The thrust chamber from the Apollo 11 mission, found on the Atlantic Ocean floor by Bezos Expeditions.
A year after discovering rockets from the Apollo 11 moon mission on the bottom of the Atlantic Ocean, Bezos Expeditions has recovered "many prime pieces" of the engines, Jeff Bezos blogged today.
Amazon's billionaire founder and chief executive wrote that the crew of the ship Seabed Worker spent three weeks at sea, working almost three miles below the surface to pull up the various piece of the engines.
"We've seen an underwater wonderland -- an incredible sculpture garden of twisted F-1 engines that tells the story of a fiery and violent end, one that serves testament to the Apollo program," Bezos wrote. "Each piece we bring on deck conjures for me the thousands of engineers who worked together back then to do what for all time had been thought surely impossible."

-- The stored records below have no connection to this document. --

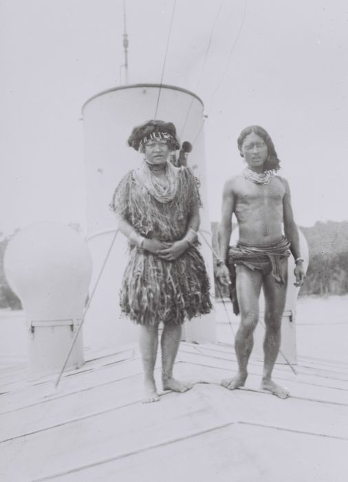 A Mentawai man and woman from the village Sioban on the island Sipora on board the ship Bellatrise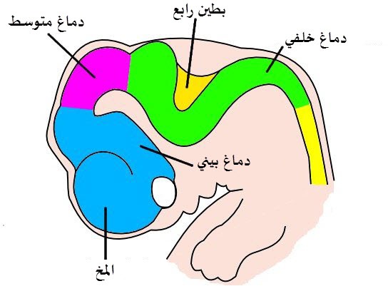 Diagram of the various parts of the brain of a six-week old embryo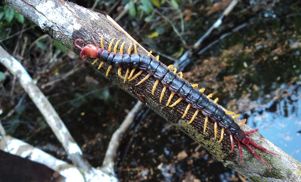 Amazon Insect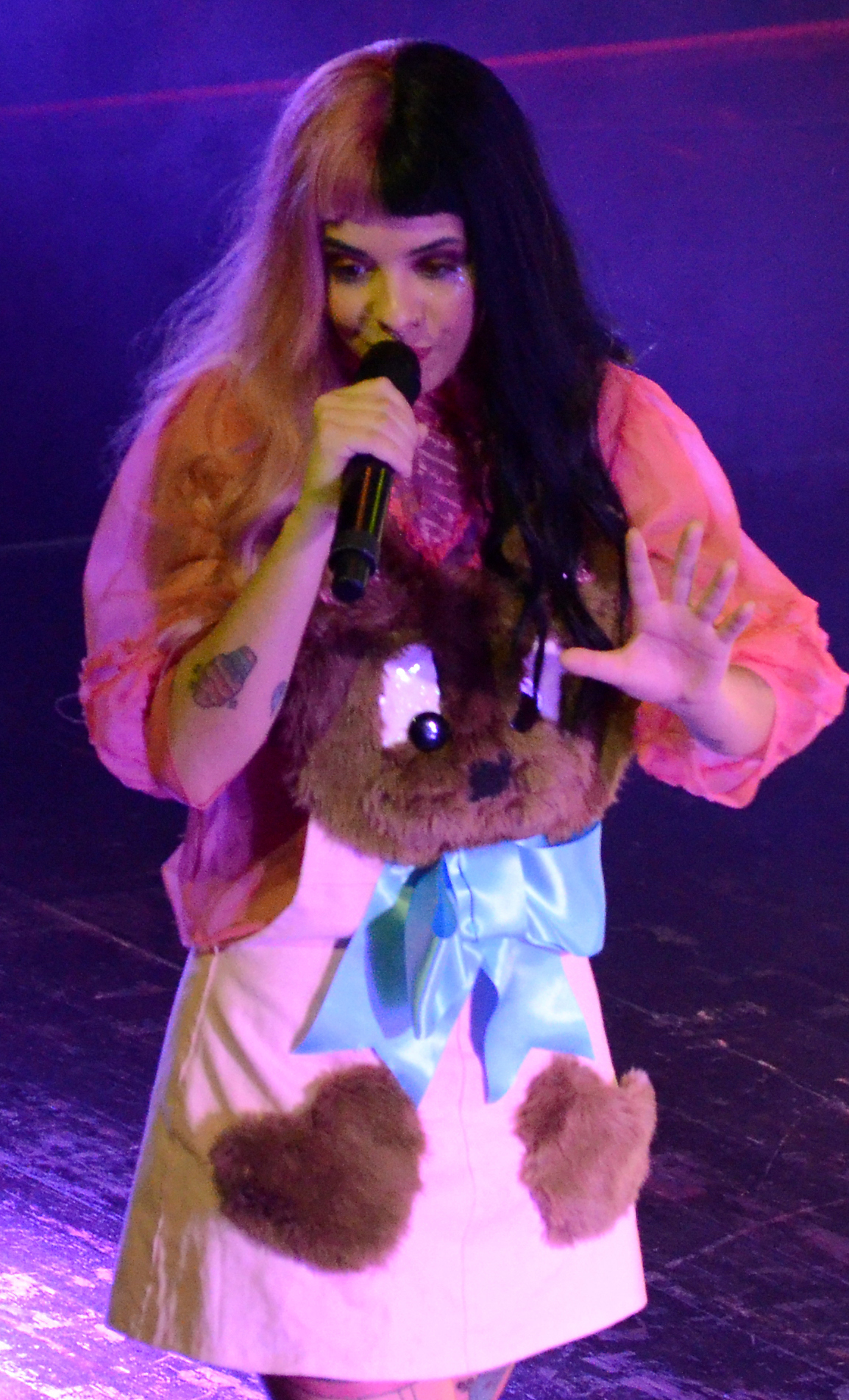 Melanie Martinez on House of Blues, localized in Orlando, Florida, in April 4, 2016.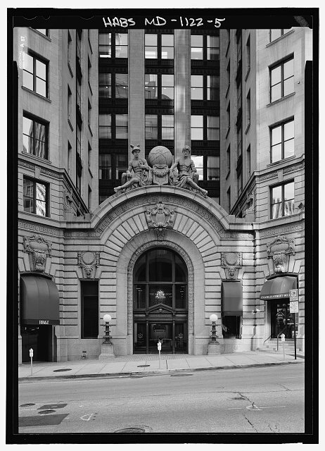 B&O Headquarters Building, Baltimore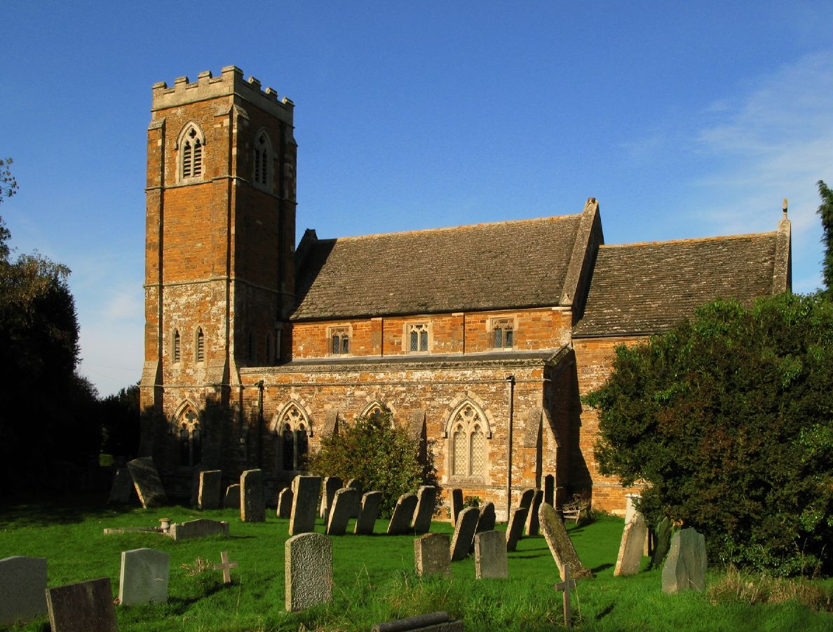 Church of England parish church of St John the Baptist, Bisbrooke, Rutland. The church was built in 1871 and the tower was completed in 1914. The churchyard has a number of Ketton oolite headstones that pre-date the present church.

Last March, Bezos reported that, using deep sea sonar, his crew had discovered the Apollo 11 engines lying 14,000 feet below the surface. At the time, he said he hoped recovering the rockets would inspire kids to invent and explore just as the NASA missions inspired him. The Apollo 11 mission was the one that put the first humans on the moon -- Neil Armstrong and Buzz Aldrin -- on July 20, 1969.
Bezos is one of a handful of wealthy and geeky patrons of sea exploration. A year ago, film director James Cameron made the first solo dive to the ocean's deepest point, the Pacific Ocean's Mariana Trench. Richard Branson, who runs the Virgin business empire, has similar plans to explore the Mariana Trench with his Virgin Oceanic.